» **DATA FOR PROCESSING**
====
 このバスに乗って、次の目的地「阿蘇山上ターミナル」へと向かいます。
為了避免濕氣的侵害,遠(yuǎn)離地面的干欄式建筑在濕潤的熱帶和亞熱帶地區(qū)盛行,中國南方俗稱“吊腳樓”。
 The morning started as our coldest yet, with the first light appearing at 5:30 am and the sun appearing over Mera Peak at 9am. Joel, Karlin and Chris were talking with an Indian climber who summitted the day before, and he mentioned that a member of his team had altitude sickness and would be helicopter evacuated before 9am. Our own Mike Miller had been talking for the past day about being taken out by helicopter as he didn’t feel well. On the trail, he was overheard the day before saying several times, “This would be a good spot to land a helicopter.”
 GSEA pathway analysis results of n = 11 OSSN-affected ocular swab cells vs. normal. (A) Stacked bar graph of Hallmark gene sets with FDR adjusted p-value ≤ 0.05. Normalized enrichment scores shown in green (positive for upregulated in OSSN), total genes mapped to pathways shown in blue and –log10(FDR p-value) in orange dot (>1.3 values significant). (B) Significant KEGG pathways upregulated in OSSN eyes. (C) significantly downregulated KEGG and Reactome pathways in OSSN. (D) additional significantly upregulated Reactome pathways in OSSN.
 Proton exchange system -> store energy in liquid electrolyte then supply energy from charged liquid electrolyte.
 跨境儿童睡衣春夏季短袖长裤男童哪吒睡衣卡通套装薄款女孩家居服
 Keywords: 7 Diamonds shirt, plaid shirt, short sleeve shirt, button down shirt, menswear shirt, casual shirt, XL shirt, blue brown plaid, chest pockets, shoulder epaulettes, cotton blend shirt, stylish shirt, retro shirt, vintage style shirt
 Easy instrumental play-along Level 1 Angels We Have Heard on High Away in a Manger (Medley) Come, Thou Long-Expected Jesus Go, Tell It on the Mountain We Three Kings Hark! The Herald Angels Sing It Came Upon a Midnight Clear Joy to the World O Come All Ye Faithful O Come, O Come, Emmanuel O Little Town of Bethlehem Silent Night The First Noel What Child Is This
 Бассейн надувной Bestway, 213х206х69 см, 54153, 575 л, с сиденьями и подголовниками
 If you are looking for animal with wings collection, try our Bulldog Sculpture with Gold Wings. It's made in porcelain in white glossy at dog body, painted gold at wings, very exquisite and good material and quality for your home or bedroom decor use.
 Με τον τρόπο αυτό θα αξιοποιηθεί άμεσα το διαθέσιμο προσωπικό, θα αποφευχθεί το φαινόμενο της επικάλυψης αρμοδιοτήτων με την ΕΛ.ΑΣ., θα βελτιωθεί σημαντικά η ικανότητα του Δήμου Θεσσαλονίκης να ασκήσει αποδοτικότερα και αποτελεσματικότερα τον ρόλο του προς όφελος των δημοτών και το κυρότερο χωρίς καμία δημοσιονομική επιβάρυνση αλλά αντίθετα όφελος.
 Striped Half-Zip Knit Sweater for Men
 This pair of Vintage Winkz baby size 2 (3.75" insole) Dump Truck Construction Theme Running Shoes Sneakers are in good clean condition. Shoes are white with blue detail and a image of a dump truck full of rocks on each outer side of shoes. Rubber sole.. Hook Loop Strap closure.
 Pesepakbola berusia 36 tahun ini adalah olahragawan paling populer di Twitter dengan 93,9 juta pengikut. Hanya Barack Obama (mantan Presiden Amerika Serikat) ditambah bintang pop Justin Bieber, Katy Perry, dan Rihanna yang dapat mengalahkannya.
====
The answer is the run of lines above from the line containing "為了避免濕氣的侵害,遠(yu" through the line containing "Бассейн надувной Bestway, 213х206х69", copied exactly and alone.

為了避免濕氣的侵害,遠(yuǎn)離地面的干欄式建筑在濕潤的熱帶和亞熱帶地區(qū)盛行,中國南方俗稱“吊腳樓”。
 The morning started as our coldest yet, with the first light appearing at 5:30 am and the sun appearing over Mera Peak at 9am. Joel, Karlin and Chris were talking with an Indian climber who summitted the day before, and he mentioned that a member of his team had altitude sickness and would be helicopter evacuated before 9am. Our own Mike Miller had been talking for the past day about being taken out by helicopter as he didn’t feel well. On the trail, he was overheard the day before saying several times, “This would be a good spot to land a helicopter.”
 GSEA pathway analysis results of n = 11 OSSN-affected ocular swab cells vs. normal. (A) Stacked bar graph of Hallmark gene sets with FDR adjusted p-value ≤ 0.05. Normalized enrichment scores shown in green (positive for upregulated in OSSN), total genes mapped to pathways shown in blue and –log10(FDR p-value) in orange dot (>1.3 values significant). (B) Significant KEGG pathways upregulated in OSSN eyes. (C) significantly downregulated KEGG and Reactome pathways in OSSN. (D) additional significantly upregulated Reactome pathways in OSSN.
 Proton exchange system -> store energy in liquid electrolyte then supply energy from charged liquid electrolyte.
 跨境儿童睡衣春夏季短袖长裤男童哪吒睡衣卡通套装薄款女孩家居服
 Keywords: 7 Diamonds shirt, plaid shirt, short sleeve shirt, button down shirt, menswear shirt, casual shirt, XL shirt, blue brown plaid, chest pockets, shoulder epaulettes, cotton blend shirt, stylish shirt, retro shirt, vintage style shirt
 Easy instrumental play-along Level 1 Angels We Have Heard on High Away in a Manger (Medley) Come, Thou Long-Expected Jesus Go, Tell It on the Mountain We Three Kings Hark! The Herald Angels Sing It Came Upon a Midnight Clear Joy to the World O Come All Ye Faithful O Come, O Come, Emmanuel O Little Town of Bethlehem Silent Night The First Noel What Child Is This
 Бассейн надувной Bestway, 213х206х69 см, 54153, 575 л, с сиденьями и подголовниками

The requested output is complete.